Domingo Garcia Hindoyan (born in Caracas, February 15, 1980) is an Armenian-Venezuelan conductor and violinist.

Biography
Hindoyan is the son of Domingo Garcia, a Venezuelan violinist and former president of the Orquesta Sinfonica Venezuela, and Viki Hindoyan, a lawyer at the Venezuelan National Parliament.

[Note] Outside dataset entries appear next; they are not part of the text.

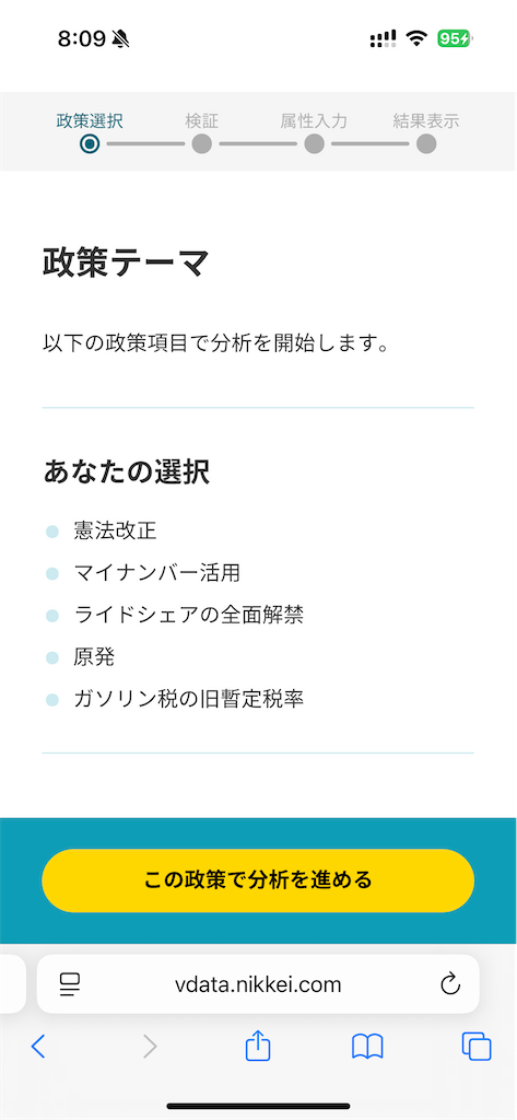 25項目の政策のなからから、自分の5つの重点政策を選び、政策マッチングを行います。
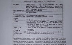 Periodismo Investigativo descubrió que los dos contratos que la Alcaldía de Armenia destinó para obras en el Batallón de servicios No 8 Cacique Calarcá, suman más de mil doscientos millones de pesos ($ 1.242’391.793,65)
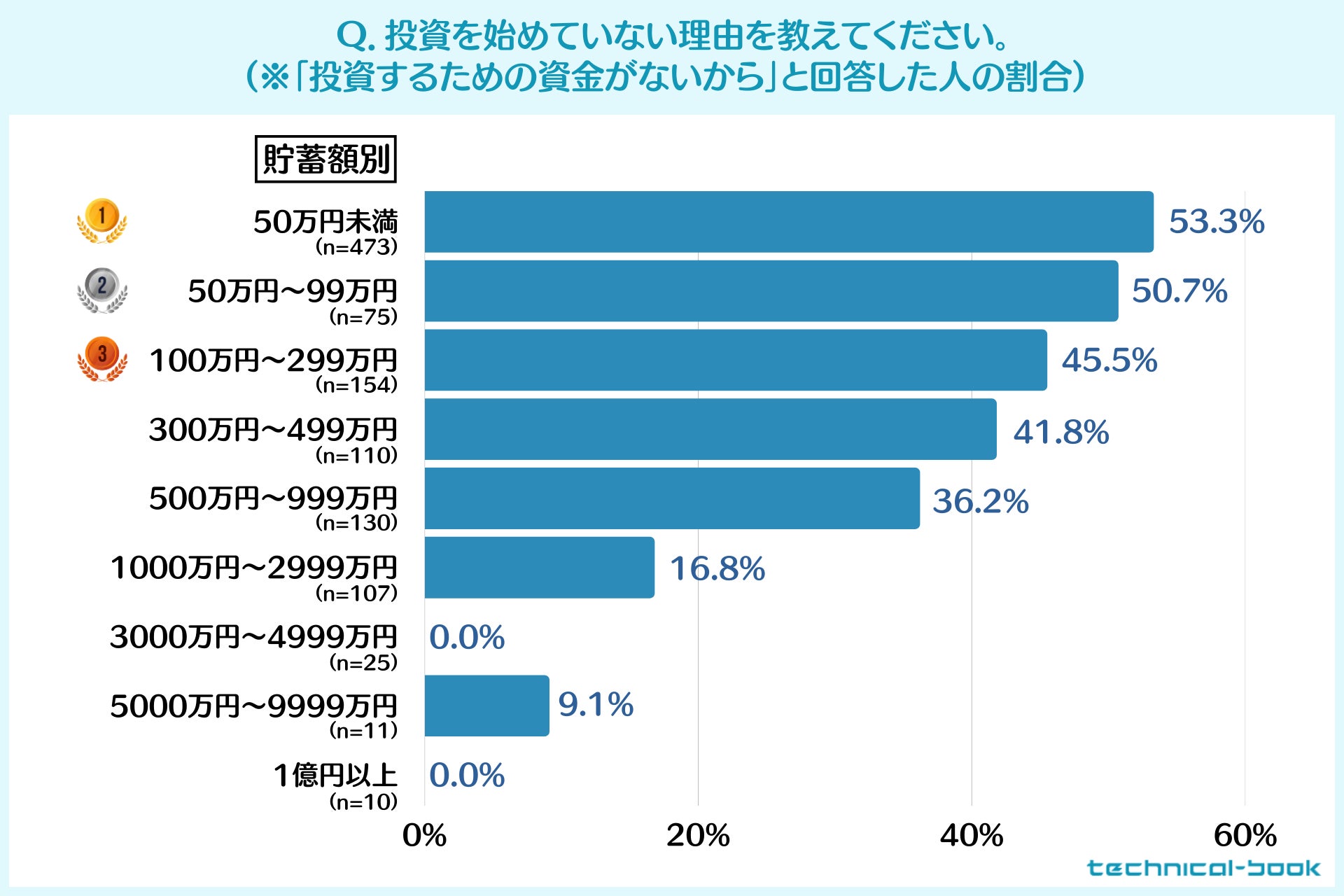 投資を始めていない理由について「投資するための資金がないから」と回答した人を貯蓄額別に集計してみると、1位は「50万円未満」の53.3%、2位は「50万円~99万円」の50.7%、3位は「100万円~299万円」の45.5%となりました。基本的には貯蓄額が増加するにつれて、割合が減っていく形となっています。
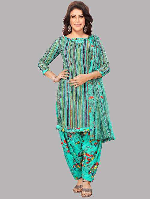 - Look ultra gorgeous in unstitched suits from VARSHA COLLECTION and grab these beautiful suits in green colour.
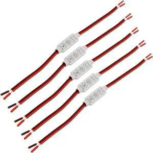 Low-profile Inline Controller Dimmer Switch for LED Strip Light, Bare Wire 5 Pack
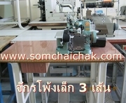 จักรพ้งม้าบิน 3 เส้น แบบตั้งโต๊ะ ใช้มอเตอร์ไฟฟ้า สามารถยกไปตั้งทำงานได้ทุกสถานที่ เคลื่อนย้ายสะดวก ใช้พ้งเก็บริมงานผ้าทั่วไป

Hindoyan is of Armenian descent through his mother, who was born in Aleppo, Syria.  He began his music studies as a violinist and member of the Venezuelan musical education program El Sistema.   He obtained a master's degree in conducting at the Haute Ecole de Musique de Genève with highest distinction with Laurent Gay.  In 2012, he was invited to join the Allianz International Conductor’s Academy, where he worked with the London Philharmonic Orchestra and The Philharmonia Orchestra, under conductors Esa-Pekka Salonen and Sir Andrew Davis.  He has participated in masterclasses with Bernard Haitink, David Zinman and Jesus Lopez Cobos.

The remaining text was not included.